It’s very easy to judge others when it comes to various functional fitness regimes. How many times have you seen someone working out and thought either ‘They know their stuff’ or ‘There’s no point in doing that’? The answer is likely to be all of us. Health and fitness is such a vast field with many sub disciplines. As a result, there are so many different approaches to health and fitness. Check out the guys at Brute Strength who recently put athletes with vastly different backgrounds and training techniques against each other in a series of fitness challenges. The results may surprise you.
Not everyone wants Functional Fitness
The best way to approach a fitness programme is going to be heavily influenced by the goal of the programme. There is enough science and pseudo science out there to support certain principles and approaches. The vast majority use an exercise programme to control weight and body composition. Taken a little more seriously and these programmes can be driven by aesthetics (think bodybuilders and fitness exhibitions). Then we have the athletes, from weekend warriors to the professional and elite. Somewhere in the middle come the ‘functional fitness’ crew, such as Crossfit and Strongman – some of whom can become full time professionals in fitness.

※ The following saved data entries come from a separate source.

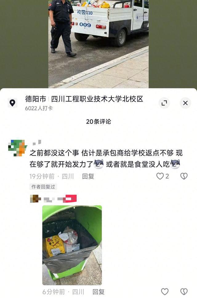 此前报道:高校保安为啥把学生外卖扔进垃圾箱?德阳涉事校方:骑手未依规存放外卖柜,曾出现食品变质问题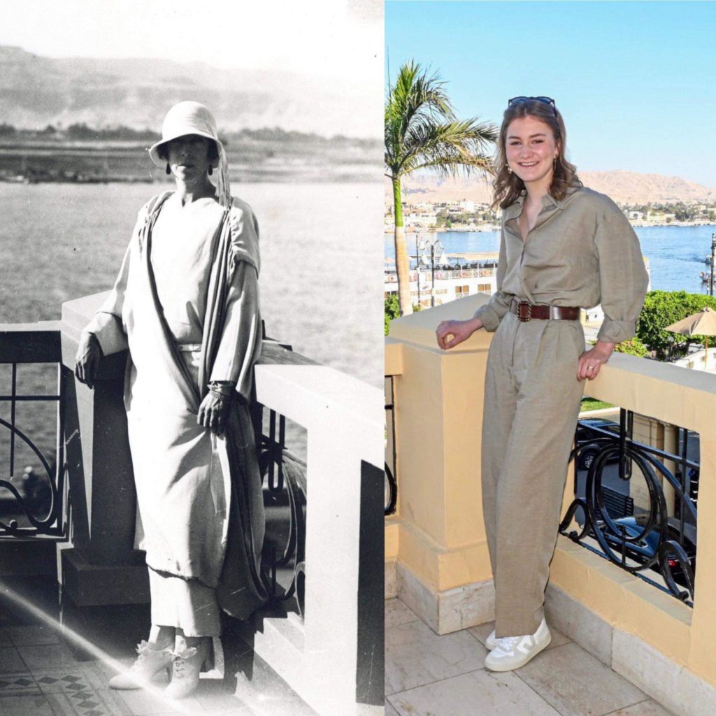 Koningin Mathilde van België en haar dochter prinses Elisabeth hebben op de eerste dag van hun gezamenlijke bezoek aan Egypte op precies dezelfde plaats geposeerd als koningin Elisabeth honderd jaar geleden deed. Het resultaat deelt het hof woensdagochtend via sociale media.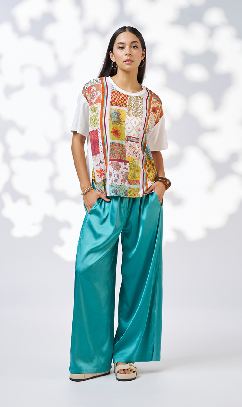 Easy fitting cotton tee with a round neckline and a custom front panel print to elevate the style.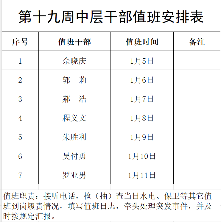 中层干部值班表(2026年1月5日—2026年1月11日)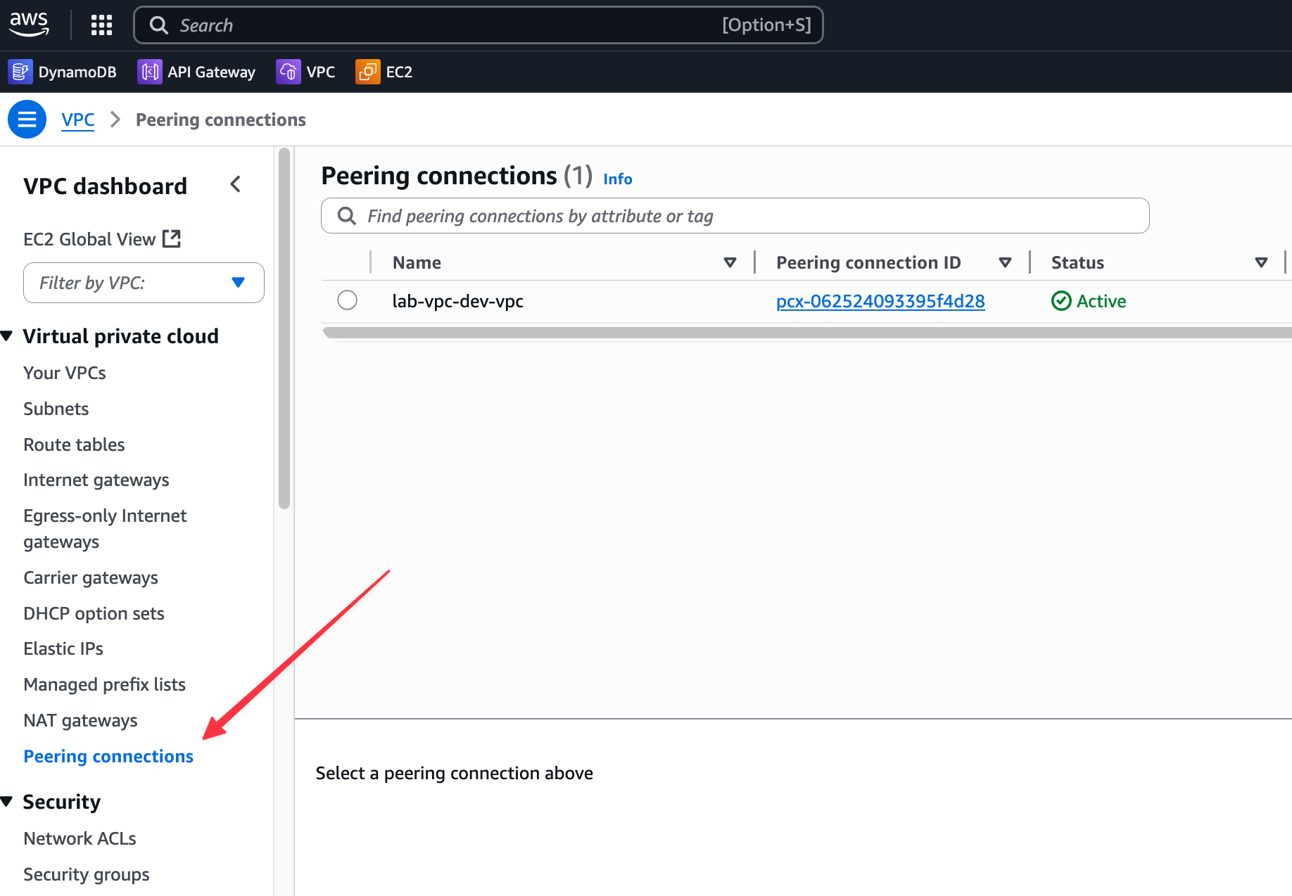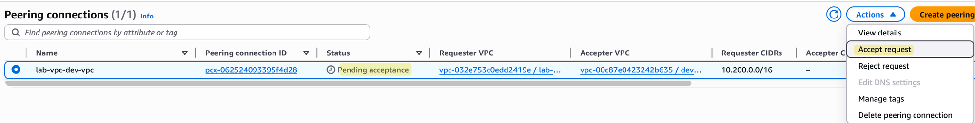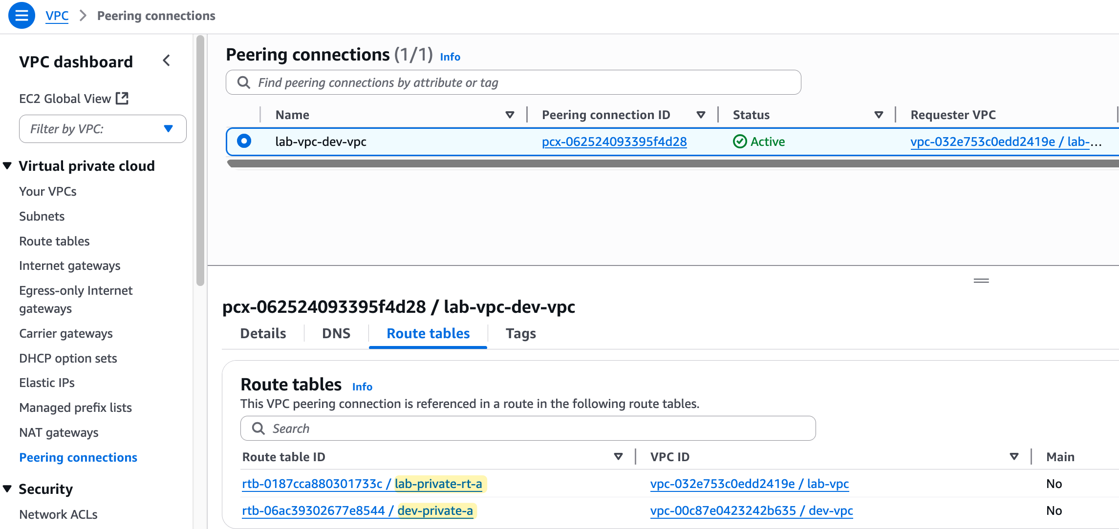 You can also go to the 'Route tables' tab for the peering connection itself to see in which route tables this specific peering connection is referenced. In our case, as shown in the image, this connection is correctly referenced in two places - the route table for the lab-vpc and the route table for the dev-vpc.

Coaching backgrounds Differ
Personal trainers, strength & conditioning coaches, lifestyle coaches will all come via different backgrounds. Their knowledge has been accumulated in many different ways. Different coaches will have their own systems and unique methods to produce the results that they want. Ultimately, working with a client or athlete consistently over time should yield results. Like athletes, coaches too can be very quick to judge other programmes and approaches. A common one would be the functional fitness crew scoffing at the use of biceps curls! However, there is always a place for bicep curls in a programme!
Specific bicep work may be required to overcome a movement dysfunction, such as hyper extensive elbows. They’re also great for those wanting to look good and improve their physiques! If a client wants to include bicep curls in their programme then what is your rationale for stopping them? Is it going to harm them? I’d argue that allowing them to be included improves the quality of the exercises that you ‘really want them to do’!
In short, get of the academic high horse and accept the potential benefits of thinking outside of your own box. There’s more than one way to get fit in Ascot.